DATA UNDER STUDY:
*** Block opens ***

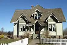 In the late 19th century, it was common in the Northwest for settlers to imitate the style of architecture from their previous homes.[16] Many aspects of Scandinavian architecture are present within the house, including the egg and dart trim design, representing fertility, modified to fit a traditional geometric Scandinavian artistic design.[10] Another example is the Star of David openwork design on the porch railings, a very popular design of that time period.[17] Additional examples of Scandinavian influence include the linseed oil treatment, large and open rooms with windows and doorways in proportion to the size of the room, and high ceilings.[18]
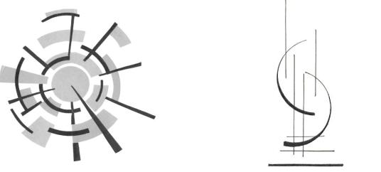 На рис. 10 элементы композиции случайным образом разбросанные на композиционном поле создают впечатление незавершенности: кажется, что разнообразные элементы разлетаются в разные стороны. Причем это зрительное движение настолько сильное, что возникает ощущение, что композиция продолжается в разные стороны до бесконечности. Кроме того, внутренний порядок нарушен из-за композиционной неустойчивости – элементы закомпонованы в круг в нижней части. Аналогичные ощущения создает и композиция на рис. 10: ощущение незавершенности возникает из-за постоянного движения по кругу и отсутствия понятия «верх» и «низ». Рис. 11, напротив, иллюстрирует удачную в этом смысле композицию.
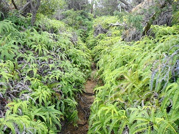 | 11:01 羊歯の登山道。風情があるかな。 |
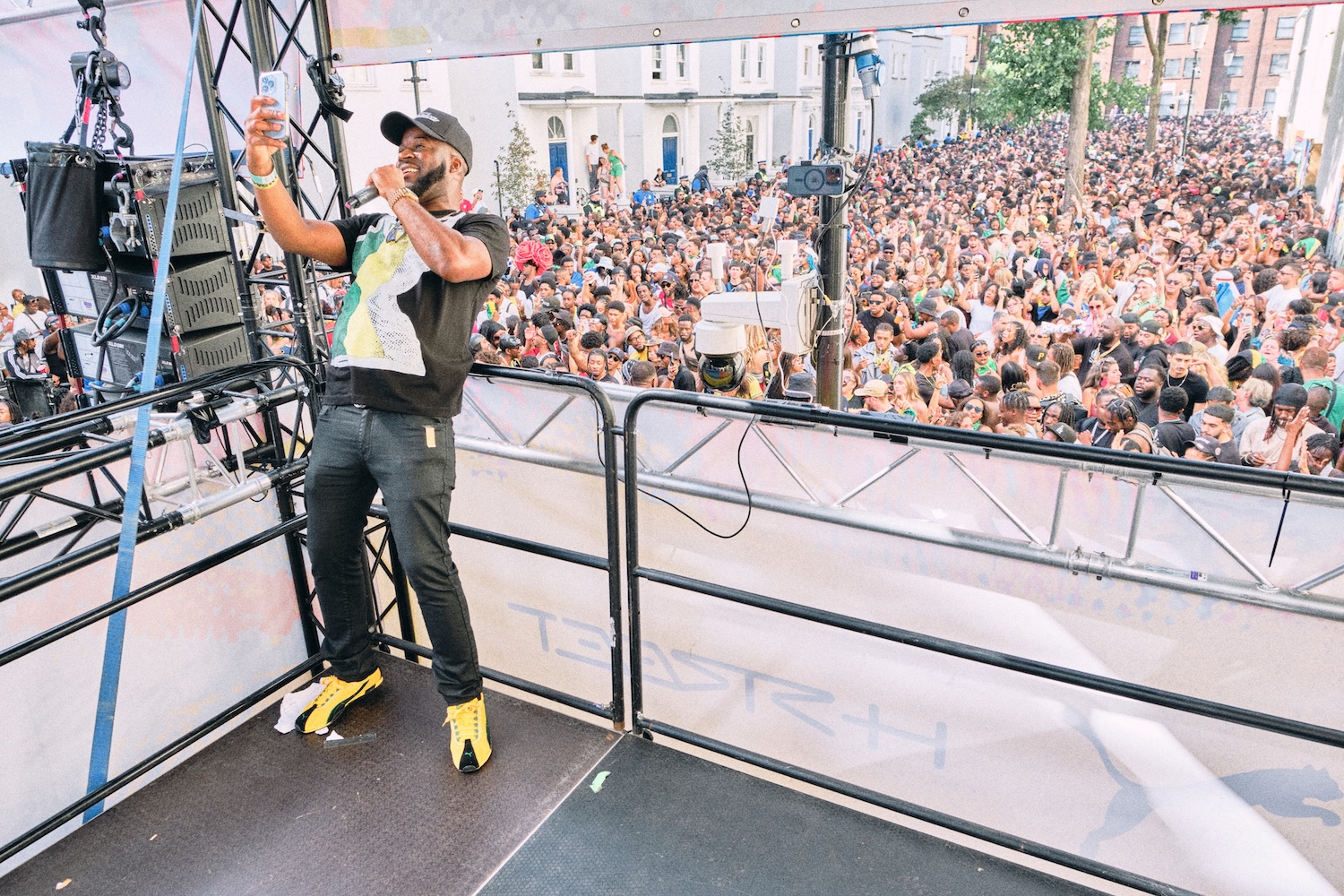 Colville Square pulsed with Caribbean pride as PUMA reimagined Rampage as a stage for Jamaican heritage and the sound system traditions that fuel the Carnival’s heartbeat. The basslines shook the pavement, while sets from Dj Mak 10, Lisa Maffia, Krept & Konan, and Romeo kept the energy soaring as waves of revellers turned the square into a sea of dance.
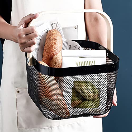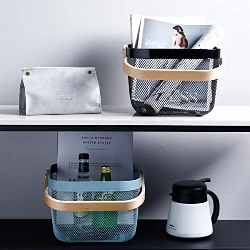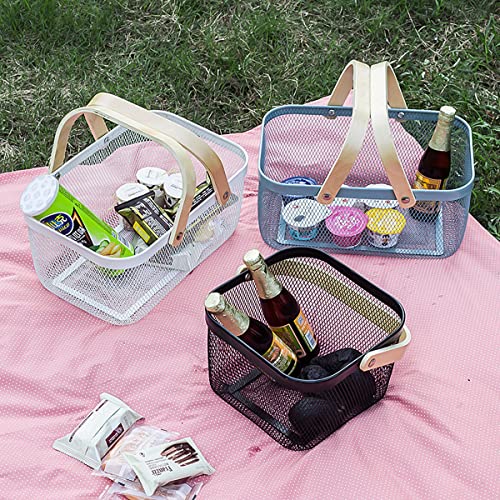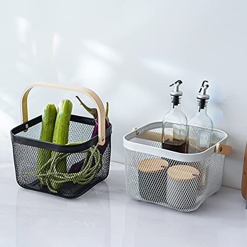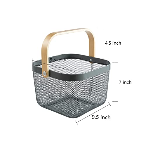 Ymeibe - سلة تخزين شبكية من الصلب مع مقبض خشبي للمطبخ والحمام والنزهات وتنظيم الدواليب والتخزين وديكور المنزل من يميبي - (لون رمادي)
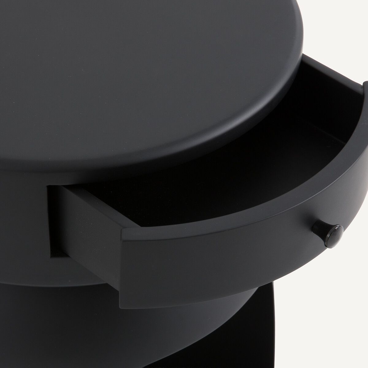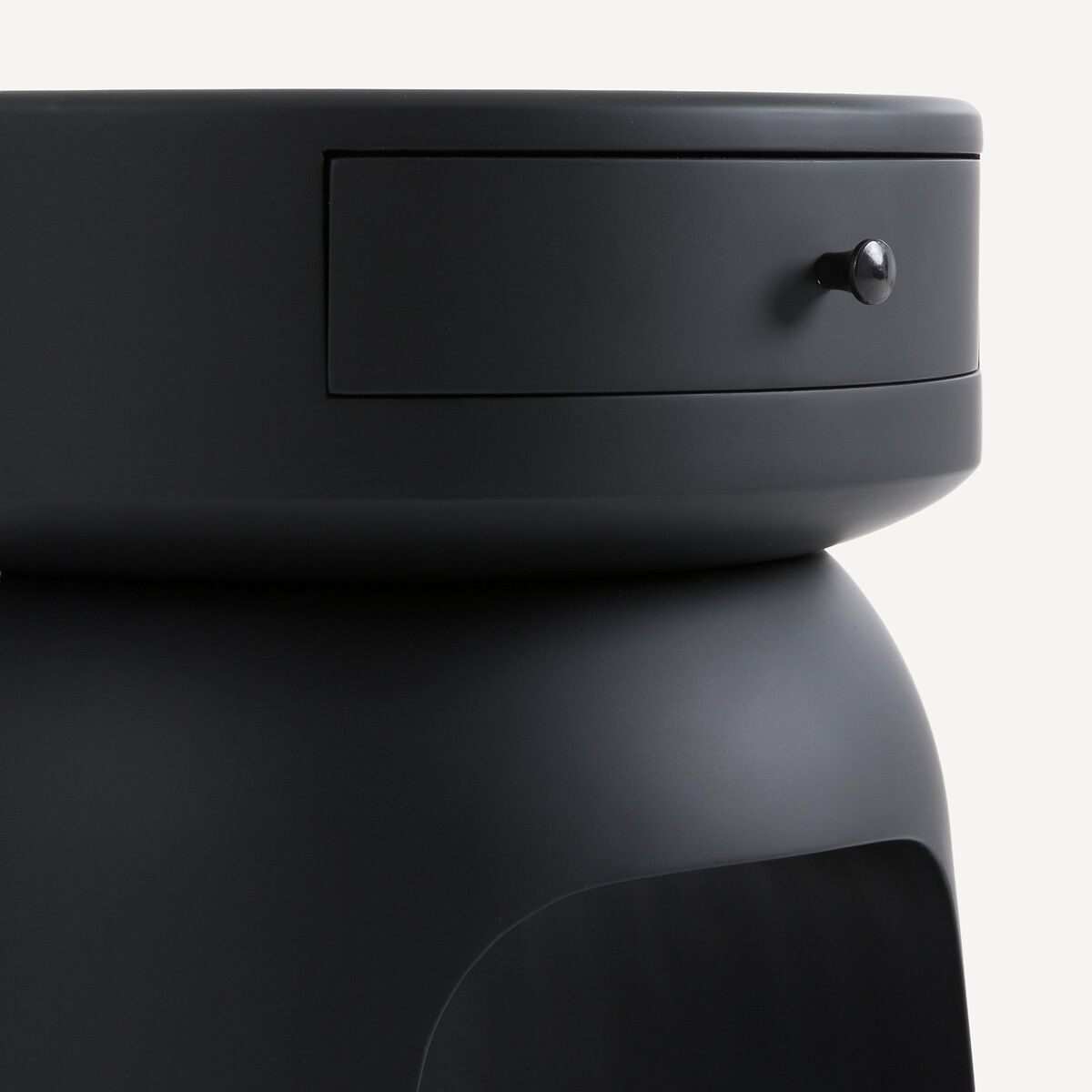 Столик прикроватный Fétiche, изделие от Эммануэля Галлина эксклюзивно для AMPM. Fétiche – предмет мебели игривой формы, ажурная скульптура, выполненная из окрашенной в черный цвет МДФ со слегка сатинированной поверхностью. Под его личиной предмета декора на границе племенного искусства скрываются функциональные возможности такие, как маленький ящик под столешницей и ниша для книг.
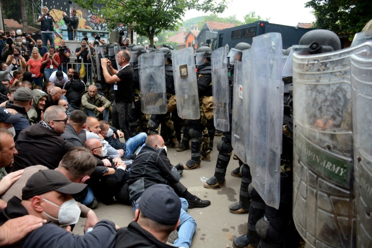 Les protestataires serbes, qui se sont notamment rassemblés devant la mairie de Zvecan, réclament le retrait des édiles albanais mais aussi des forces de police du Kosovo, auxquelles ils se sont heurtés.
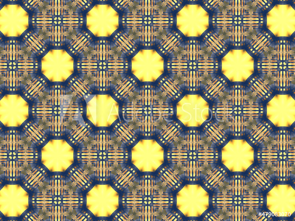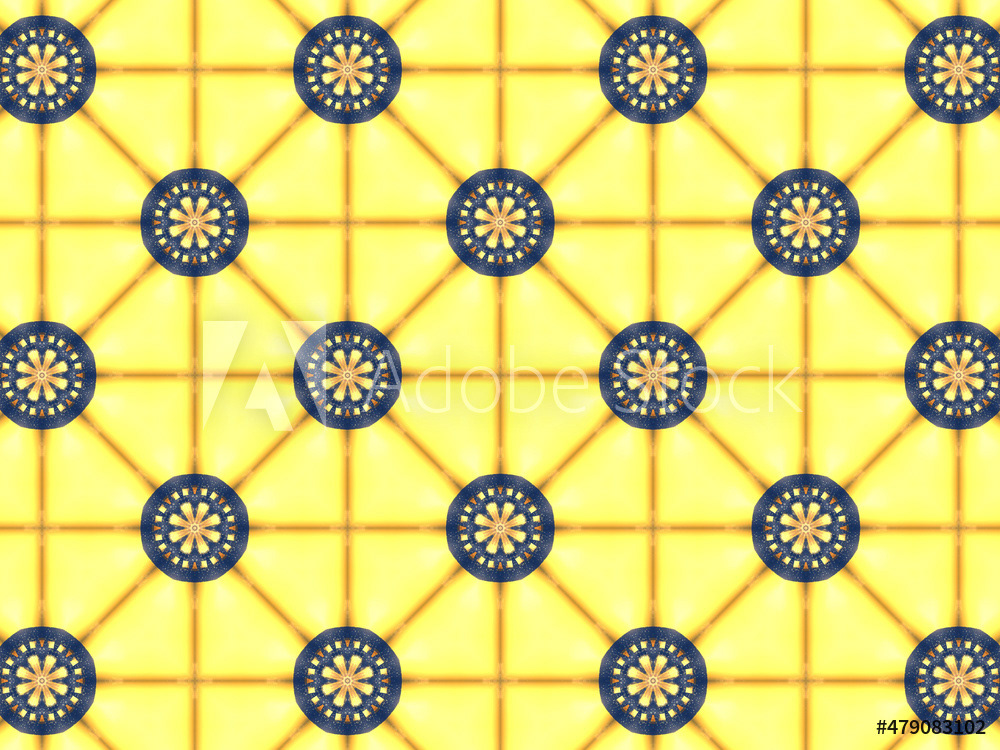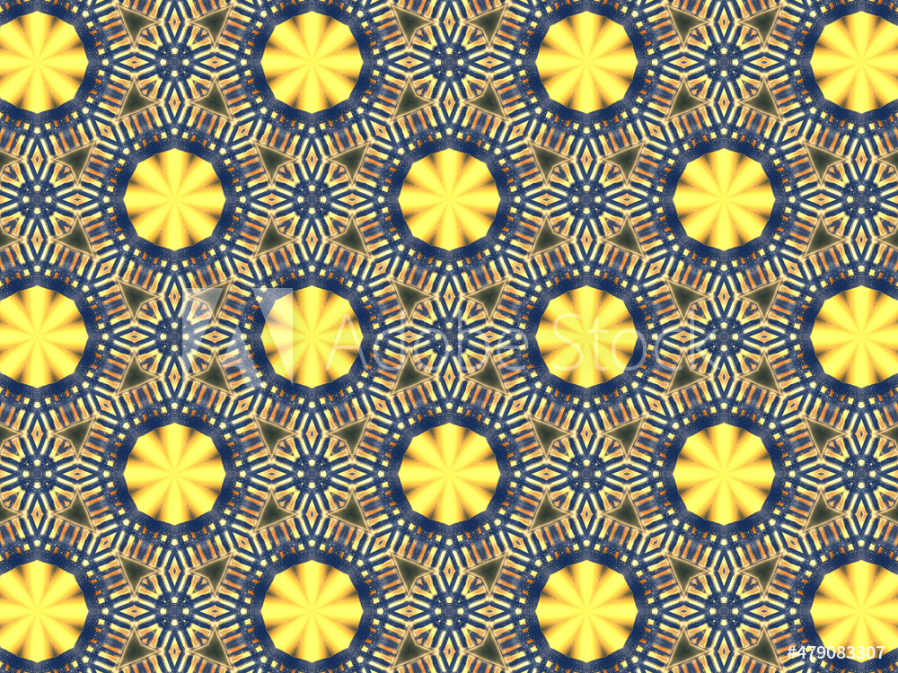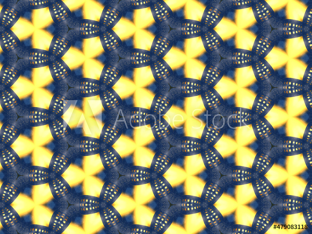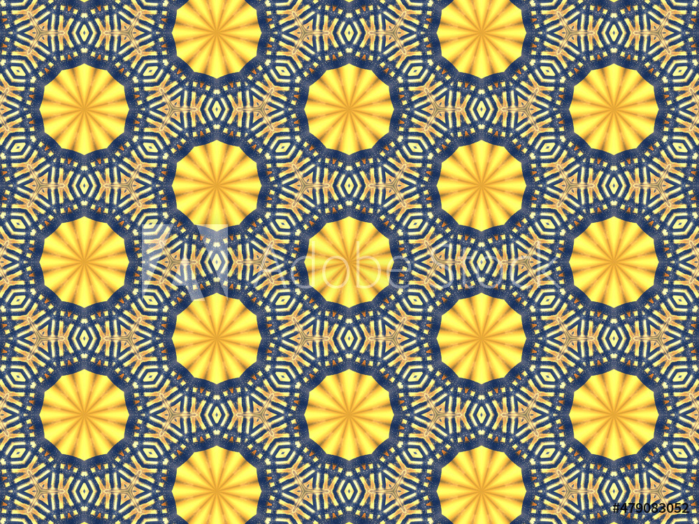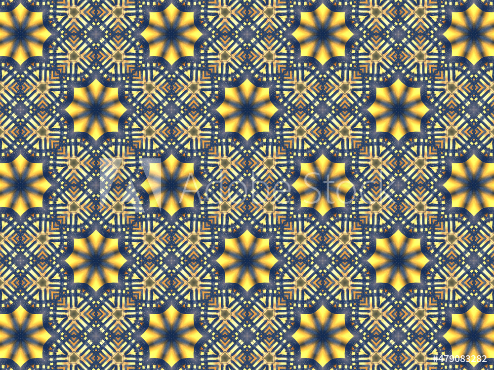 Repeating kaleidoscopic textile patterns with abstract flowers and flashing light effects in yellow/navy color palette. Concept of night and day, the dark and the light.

*** Block closes ***

WORK REQUEST:
Nothing but the records themselves, exact and complete, should be returned; leave the pictures out.

RESULT:
 In the late 19th century, it was common in the Northwest for settlers to imitate the style of architecture from their previous homes.[16] Many aspects of Scandinavian architecture are present within the house, including the egg and dart trim design, representing fertility, modified to fit a traditional geometric Scandinavian artistic design.[10] Another example is the Star of David openwork design on the porch railings, a very popular design of that time period.[17] Additional examples of Scandinavian influence include the linseed oil treatment, large and open rooms with windows and doorways in proportion to the size of the room, and high ceilings.[18]
 На рис. 10 элементы композиции случайным образом разбросанные на композиционном поле создают впечатление незавершенности: кажется, что разнообразные элементы разлетаются в разные стороны. Причем это зрительное движение настолько сильное, что возникает ощущение, что композиция продолжается в разные стороны до бесконечности. Кроме того, внутренний порядок нарушен из-за композиционной неустойчивости – элементы закомпонованы в круг в нижней части. Аналогичные ощущения создает и композиция на рис. 10: ощущение незавершенности возникает из-за постоянного движения по кругу и отсутствия понятия «верх» и «низ». Рис. 11, напротив, иллюстрирует удачную в этом смысле композицию.
 | 11:01 羊歯の登山道。風情があるかな。 |
 Colville Square pulsed with Caribbean pride as PUMA reimagined Rampage as a stage for Jamaican heritage and the sound system traditions that fuel the Carnival’s heartbeat. The basslines shook the pavement, while sets from Dj Mak 10, Lisa Maffia, Krept & Konan, and Romeo kept the energy soaring as waves of revellers turned the square into a sea of dance.
 Ymeibe - سلة تخزين شبكية من الصلب مع مقبض خشبي للمطبخ والحمام والنزهات وتنظيم الدواليب والتخزين وديكور المنزل من يميبي - (لون رمادي)
 Столик прикроватный Fétiche, изделие от Эммануэля Галлина эксклюзивно для AMPM. Fétiche – предмет мебели игривой формы, ажурная скульптура, выполненная из окрашенной в черный цвет МДФ со слегка сатинированной поверхностью. Под его личиной предмета декора на границе племенного искусства скрываются функциональные возможности такие, как маленький ящик под столешницей и ниша для книг.
 Les protestataires serbes, qui se sont notamment rassemblés devant la mairie de Zvecan, réclament le retrait des édiles albanais mais aussi des forces de police du Kosovo, auxquelles ils se sont heurtés.
 Repeating kaleidoscopic textile patterns with abstract flowers and flashing light effects in yellow/navy color palette. Concept of night and day, the dark and the light.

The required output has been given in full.